Records shown:
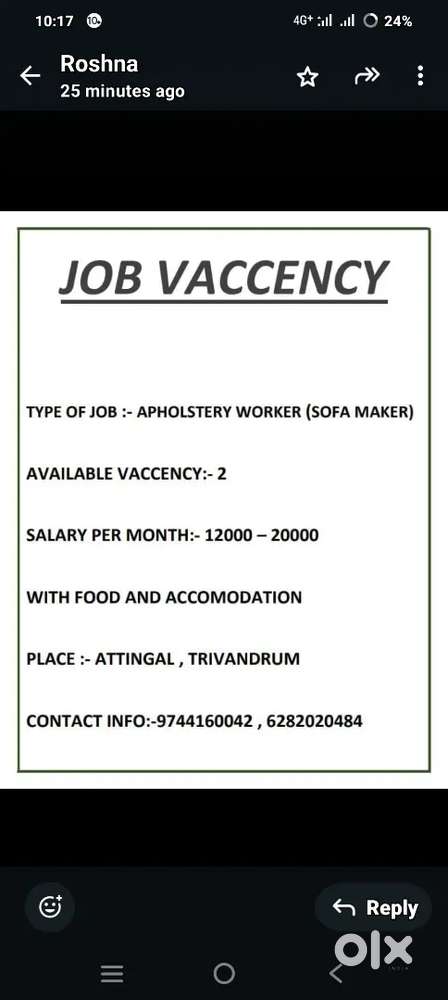 - ₹ 12000 - 24000 | MonthlyUpholstery Worker (sofa maker) near Attingal TrivandrumAnchal, Kollam20 Dec
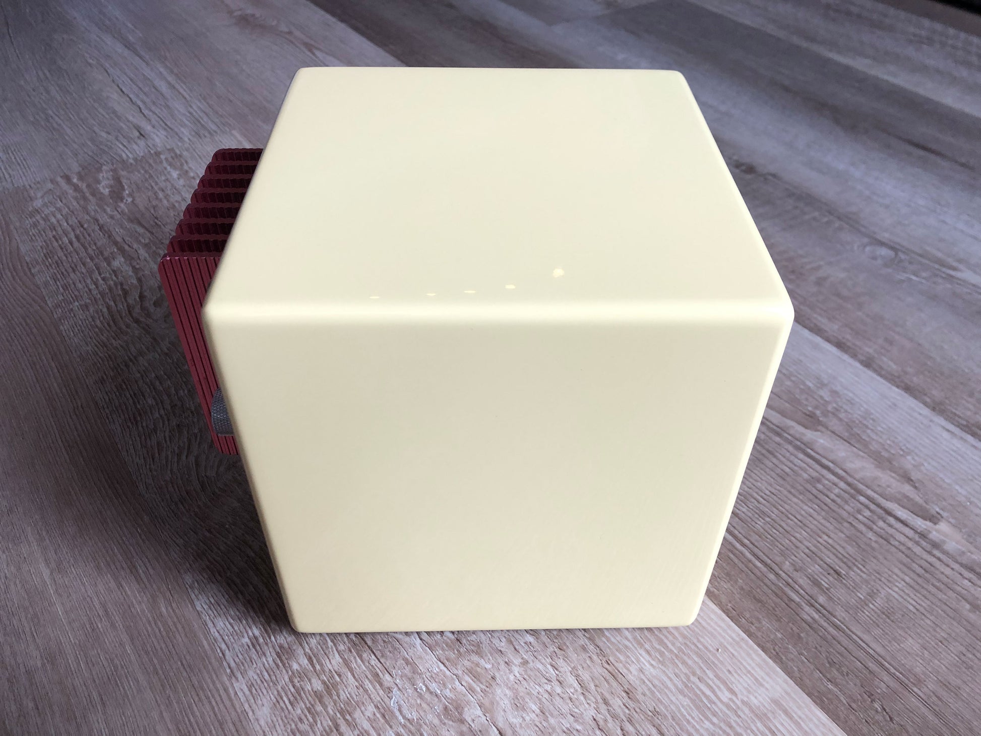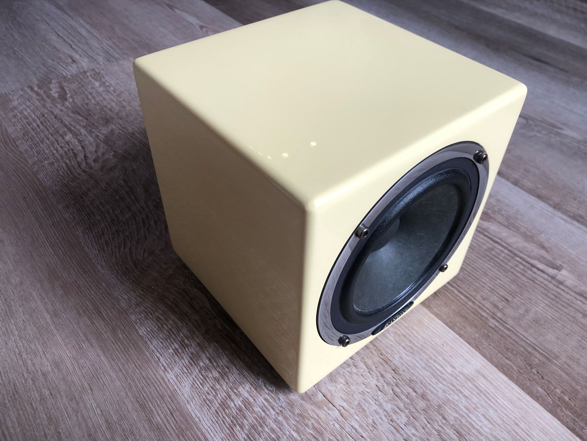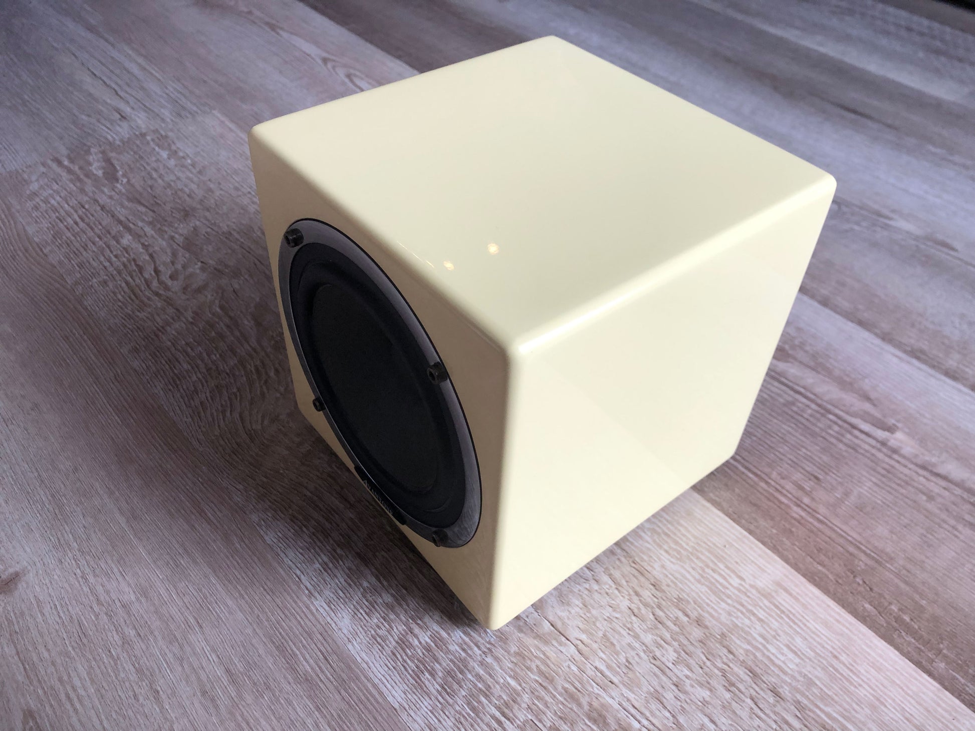 - Sealed acoustic suspension MDF with high-gloss Buttercream finish
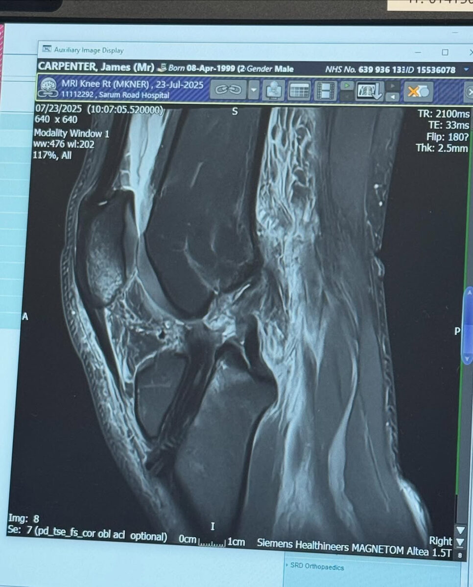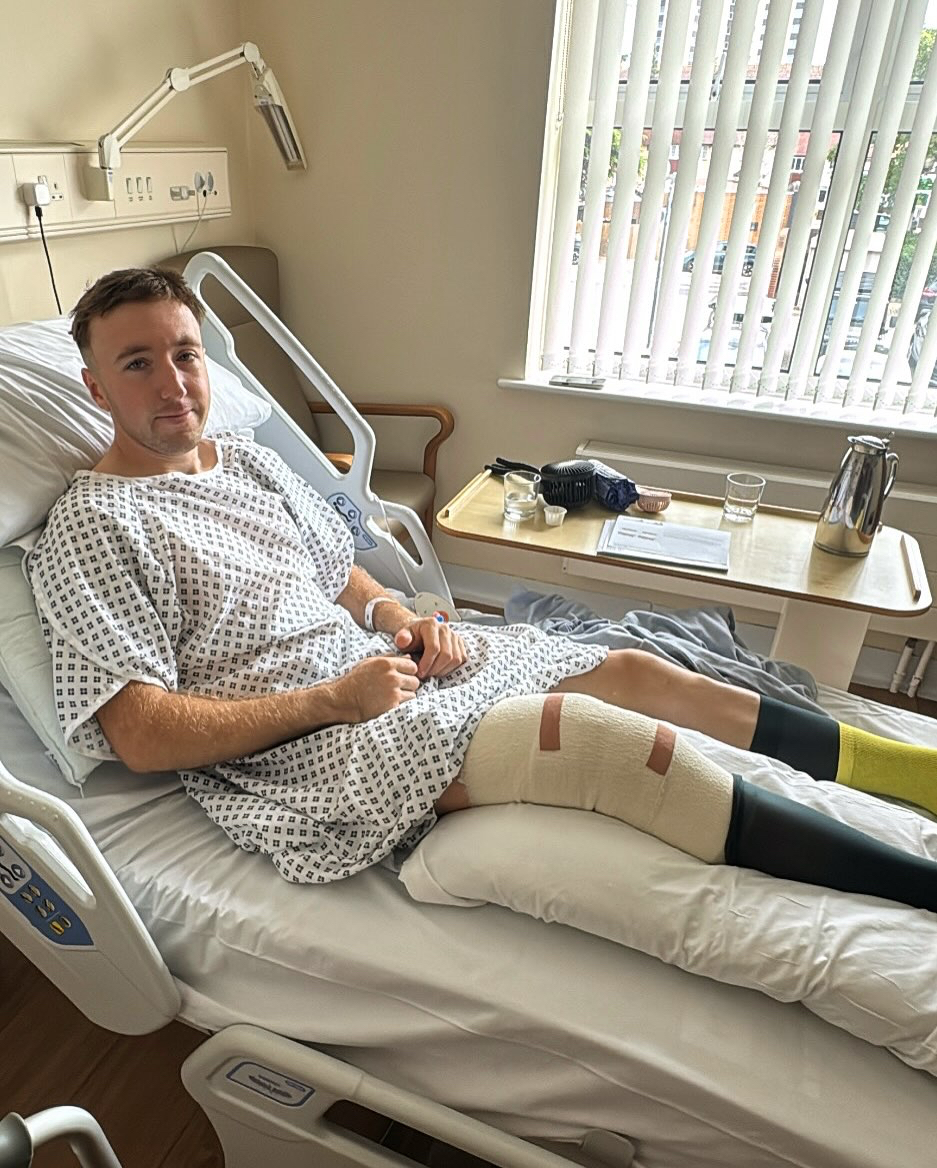 “Fresh out of surgery from my third ACL reconstruction, second time on this knee eight years apart. This time a bit more complicated due to the previous injury having to remove the previous graft that was hanging around in there and needing a different type of graft due to already having a hamstring graft out of both legs. I’ve also had a LET’s procedure involving extra reinforcements down the outside of the knee that will provide more stability.
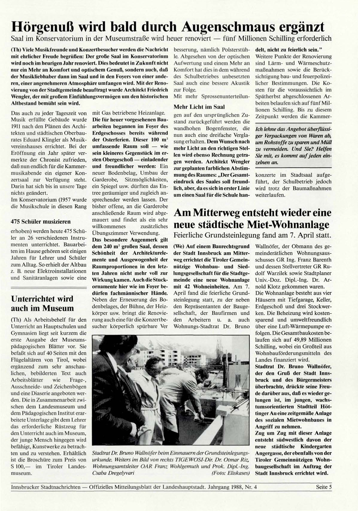 Innsbrucker Stadtnachrichten — Offizielles Mitteilungsblatt der Landeshauptstadt. Jahrgang 1988, Nr. 4
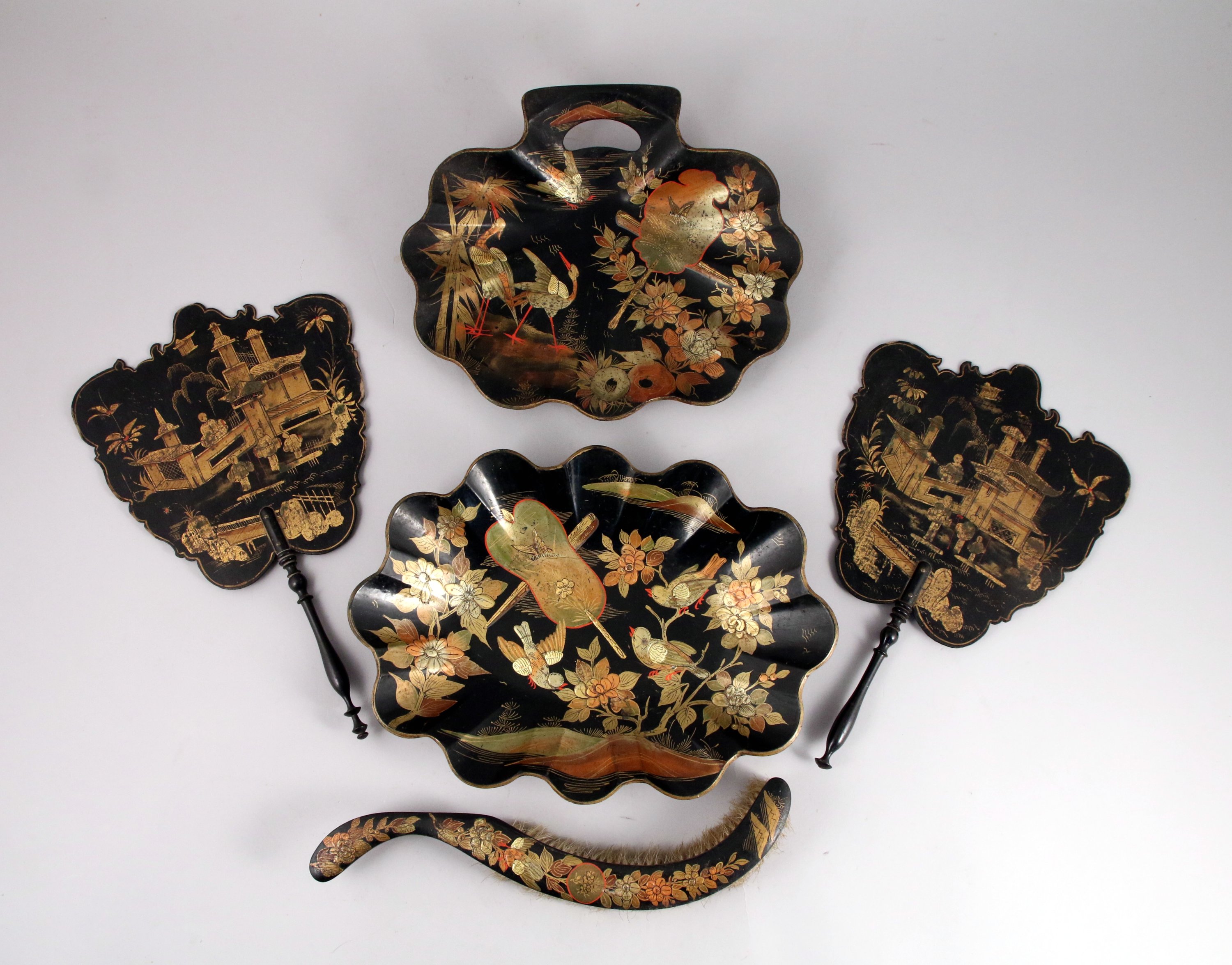 à décors à l'or sur fond noir en vernis d'oiseaux branchés ou de scènes de palais comprenant une paire d'ÉCRANS (Haut. 35,5 cm), un RAMASSE-MIETTE (Long. 31 cm)et sa BALAYETTE et une COUPE GODRONNÉEE (Long. 34,5 cm).
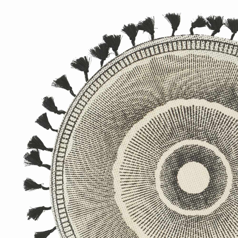Rundes Tischset aus weißer Jute mit schwarzen Fransen, 12-teilig.

Task requirements: Please print all of the records above exactly, omitting each picture.

Response area:
 - ₹ 12000 - 24000 | MonthlyUpholstery Worker (sofa maker) near Attingal TrivandrumAnchal, Kollam20 Dec
 - Sealed acoustic suspension MDF with high-gloss Buttercream finish
 “Fresh out of surgery from my third ACL reconstruction, second time on this knee eight years apart. This time a bit more complicated due to the previous injury having to remove the previous graft that was hanging around in there and needing a different type of graft due to already having a hamstring graft out of both legs. I’ve also had a LET’s procedure involving extra reinforcements down the outside of the knee that will provide more stability.
 Innsbrucker Stadtnachrichten — Offizielles Mitteilungsblatt der Landeshauptstadt. Jahrgang 1988, Nr. 4
 à décors à l'or sur fond noir en vernis d'oiseaux branchés ou de scènes de palais comprenant une paire d'ÉCRANS (Haut. 35,5 cm), un RAMASSE-MIETTE (Long. 31 cm)et sa BALAYETTE et une COUPE GODRONNÉEE (Long. 34,5 cm).
Rundes Tischset aus weißer Jute mit schwarzen Fransen, 12-teilig.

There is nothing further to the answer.